Tipos de golpes mais comuns
Todos os dias vão surgindo notícias de novos e inventivos golpes e fraudes contra idosos, no intuito de fazer cair os menos atentos ou com menos capacidade de análise. É uma realidade que está aí e a única defesa e ir mantendo atenção às notícias e minimizar ao máximo a possibilidade de algo acontecer. Mas ainda subsistem alguns “clássicos”.
- Chamadas telefónicas falsas: Um dos esquemas mais frequentes é a chamada de alguém que se faz passar por funcionário de um banco, de uma empresa de serviços ou até mesmo de um familiar em apuros. O burlão pede dados pessoais, números de cartões ou transferências urgentes.
Sinais de alerta
- Pedidos de urgência (“tem de ser já”).
- Solicitação de dados confidenciais por telefone.
- Ligações de números desconhecidos ou ocultos.
- Fraudes bancárias e online: Com o aumento do uso de multibanco e aplicações digitais, os golpes e fraudes contra idosos começam a ser mais sofisticados. Emails falsos (phishing), sites fraudulentos ou mensagens que simulam ser do banco são exemplos típicos.
Sinais de alerta:
- Emails com erros ortográficos ou logótipos de má qualidade.
- Links suspeitos ou que levam a páginas diferentes do site oficial.
- Promessas de prémios ou reembolsos fáceis.
- Vendas porta a porta: Ainda muito comuns em Portugal, os burlões apresentam-se como vendedores de serviços (televisão, eletricidade, água, telecomunicações). Muitas vezes, aproveitam-se da boa-fé dos idosos para conseguir assinaturas em contratos abusivos.
Sinais de alerta:
- Insistência em entrar em casa.
- Recusa em deixar documentação para análise posterior.
- Ofertas demasiado boas para serem verdade.
- Golpes emocionais: Aqui, os burlões exploram sentimentos.
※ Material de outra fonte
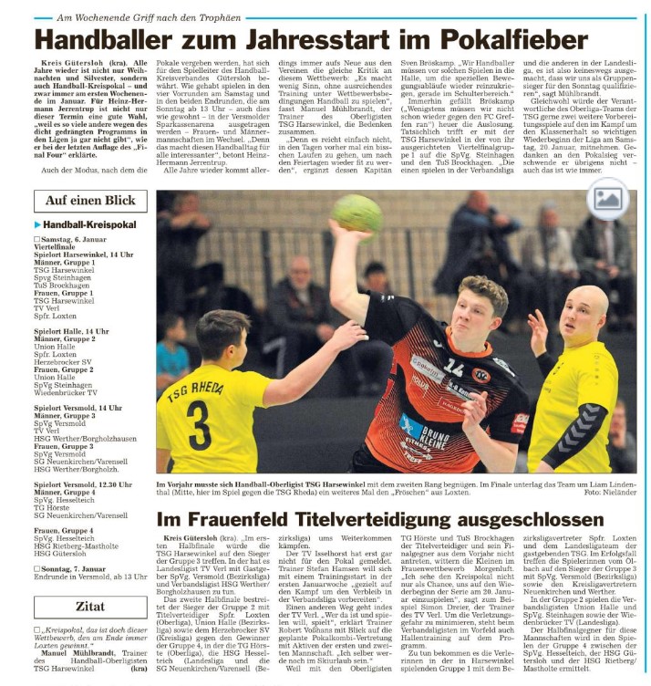 Die Glocke schaut auf den Pokal am Wochenende

Há casos de pessoas que fingem ser amigos de familiares, pedindo dinheiro para emergências, ou até falsos romances online em que a confiança é conquistada ao longo do tempo antes de pedir apoio financeiro.
Sinais de alerta:
- Histórias incoerentes ou demasiado dramáticas.
- Pedidos de dinheiro sem possibilidade de encontro presencial.
- Pressão para manter segredo.
- Falsos técnicos ou funcionários públicos: Neste golpes e fraudes contra idosos, os burlões apresentam-se como técnicos da EDP, da companhia das águas, da câmara municipal ou até da polícia. O objetivo é entrar em casa para roubar ou recolher informações pessoais.
Sinais de alerta:
- Ausência de identificação oficial.
- Pedidos de pagamento imediato em dinheiro.
- Visitas sem agendamento prévio.
Como proteger os idosos?
A prevenção passa por duas frentes: informação e acompanhamento.
É importante falar com os idosos de forma calma e frequente sobre os riscos. Explicar que não devem dar informações pessoais por telefone, email ou a desconhecidos. Relembrar que bancos e entidades oficiais nunca pedem códigos ou transferências por telefone. Isso é exclusivo de quem está a tentar golpes e fraudes contra idosos.
Deve reforçar-se o apoio familiar, uma vez que o acompanhamento regular, seja presencial ou através de chamadas, ajuda a evitar que os idosos se sintam sozinhos e mais suscetíveis. Uma rede de proximidade pode ser a melhor defesa contra burlões.
Outra hipótese muito válida a considerar é o apoio profissional, contratando serviços especializados de apoio a idosos, como os de acompanhamento domiciliário, que têm profissionais treinados para identificar situações suspeitas e proteger os clientes. Estes cuidadores são também uma ponte de confiança para os familiares, assegurando que há sempre alguém atento.
Finalmente, como é óbvio, deve recorrer às autoridades sempre que haja uma tentativa ou suspeita de golpes e fraudes contra idosos. Denunciar é fundamental para que mais casos sejam prevenidos.
Golpes e fraudes contra idosos: procurar ajuda
Enquanto filhos ou familiares responsáveis pelas decisões sobre os cuidados de um idoso, o vosso papel é determinante. Informar, acompanhar e, se necessário, contratar serviços de apoio pode ser a diferença entre vulnerabilidade e segurança.
Além disso, manter o idoso ativo, com atividades sociais e rotinas estruturadas, reduz a probabilidade de se tornar alvo de burlões. Os golpes e fraudes contra idosos são uma realidade que exige vigilância e prevenção.